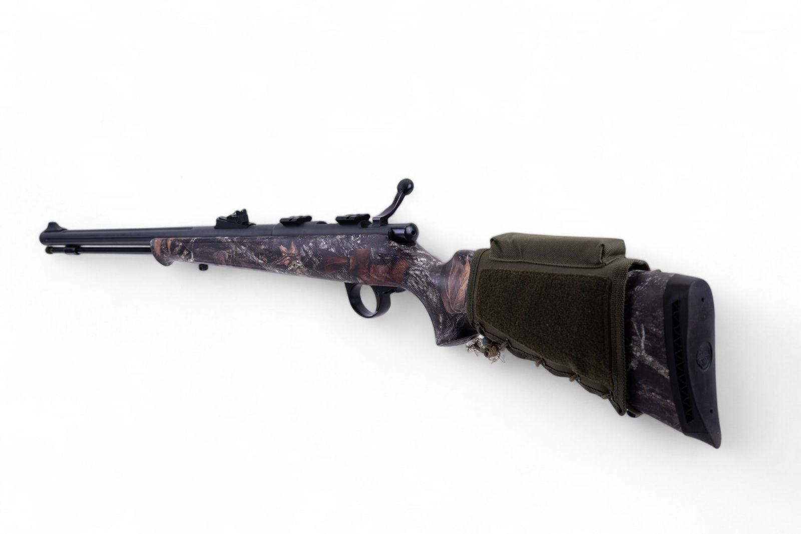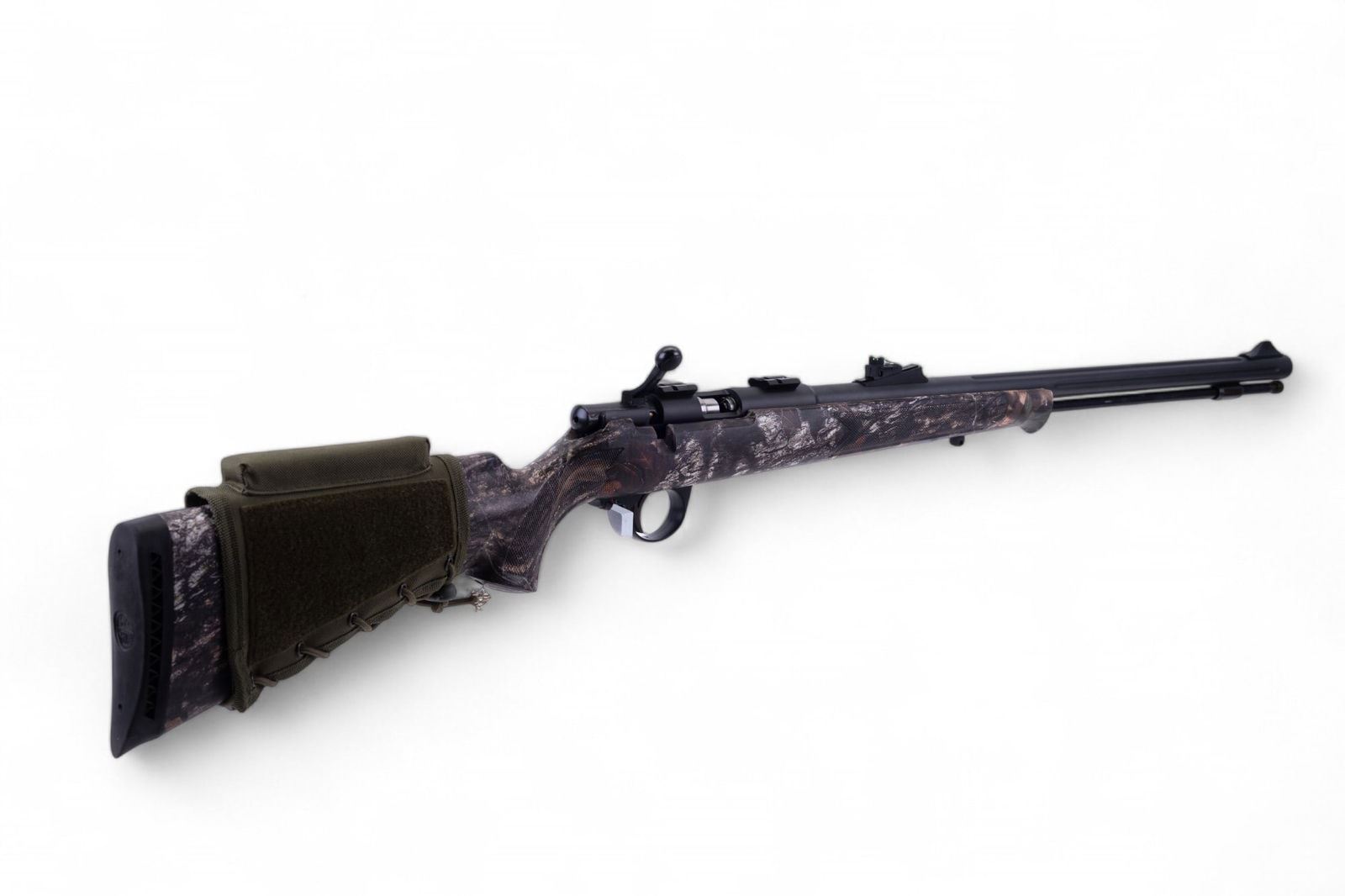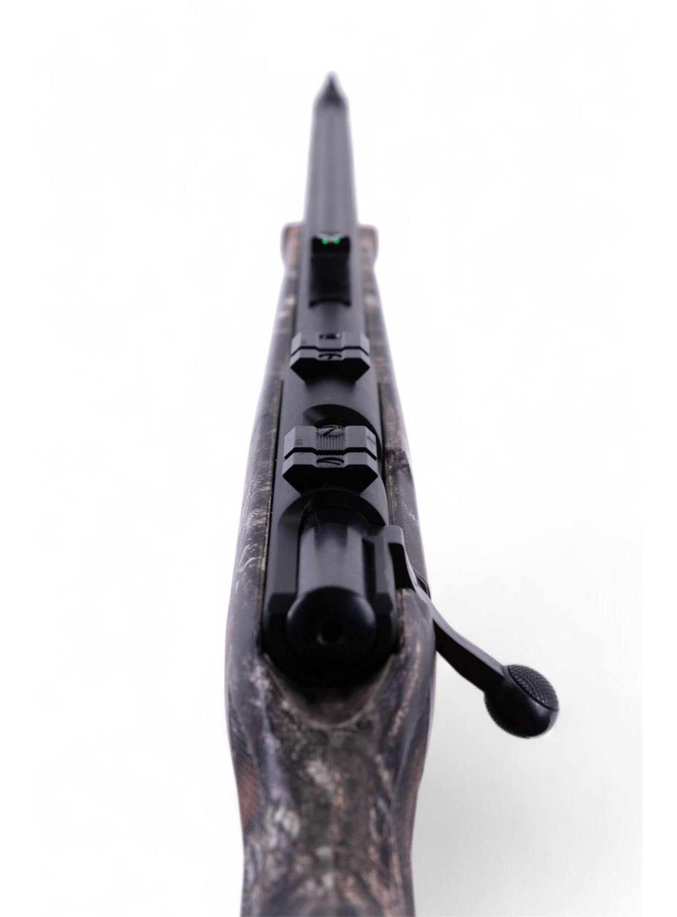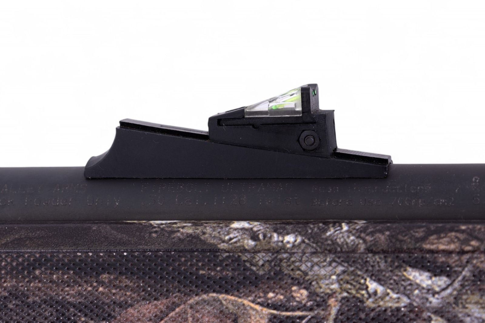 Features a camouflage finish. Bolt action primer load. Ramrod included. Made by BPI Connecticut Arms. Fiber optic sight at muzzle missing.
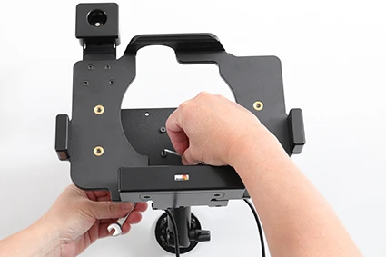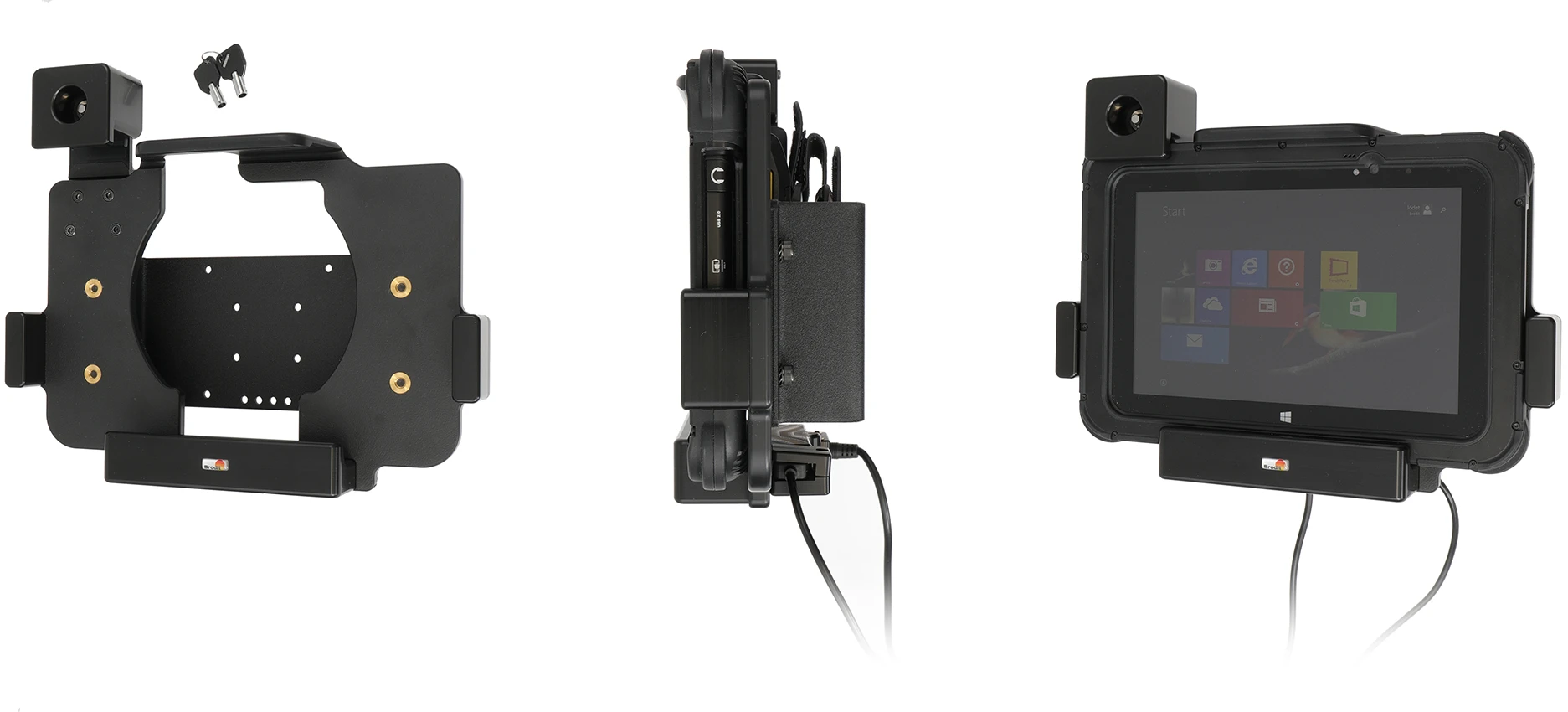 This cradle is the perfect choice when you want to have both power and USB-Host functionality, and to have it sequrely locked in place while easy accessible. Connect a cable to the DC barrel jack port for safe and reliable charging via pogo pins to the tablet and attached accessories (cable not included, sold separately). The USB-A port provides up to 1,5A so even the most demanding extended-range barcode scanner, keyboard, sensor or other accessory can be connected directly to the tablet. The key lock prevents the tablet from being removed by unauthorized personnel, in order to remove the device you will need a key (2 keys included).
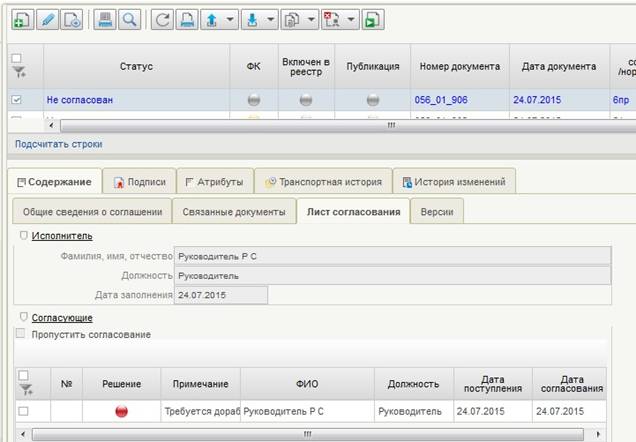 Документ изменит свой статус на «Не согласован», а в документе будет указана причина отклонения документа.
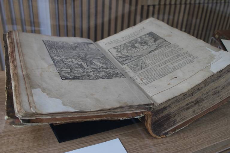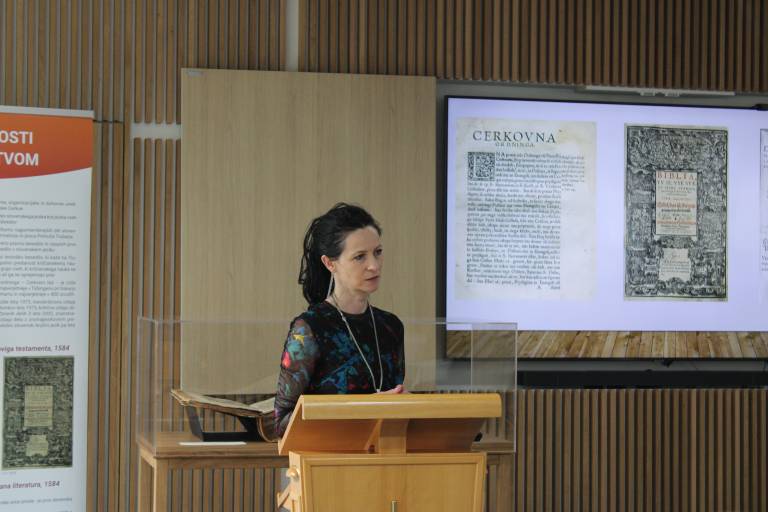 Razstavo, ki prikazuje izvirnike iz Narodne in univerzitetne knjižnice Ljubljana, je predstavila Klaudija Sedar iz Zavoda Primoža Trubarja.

> _DESCRIPTION OF THE TASK_
Only the lines that lie between the start of the listing and the line containing "Документ изменит свой", both included, belong in the answer; write them out exactly and omit pictures.

> _RESPONSE TO THIS TASK_
 Features a camouflage finish. Bolt action primer load. Ramrod included. Made by BPI Connecticut Arms. Fiber optic sight at muzzle missing.
 This cradle is the perfect choice when you want to have both power and USB-Host functionality, and to have it sequrely locked in place while easy accessible. Connect a cable to the DC barrel jack port for safe and reliable charging via pogo pins to the tablet and attached accessories (cable not included, sold separately). The USB-A port provides up to 1,5A so even the most demanding extended-range barcode scanner, keyboard, sensor or other accessory can be connected directly to the tablet. The key lock prevents the tablet from being removed by unauthorized personnel, in order to remove the device you will need a key (2 keys included).
 Документ изменит свой статус на «Не согласован», а в документе будет указана причина отклонения документа.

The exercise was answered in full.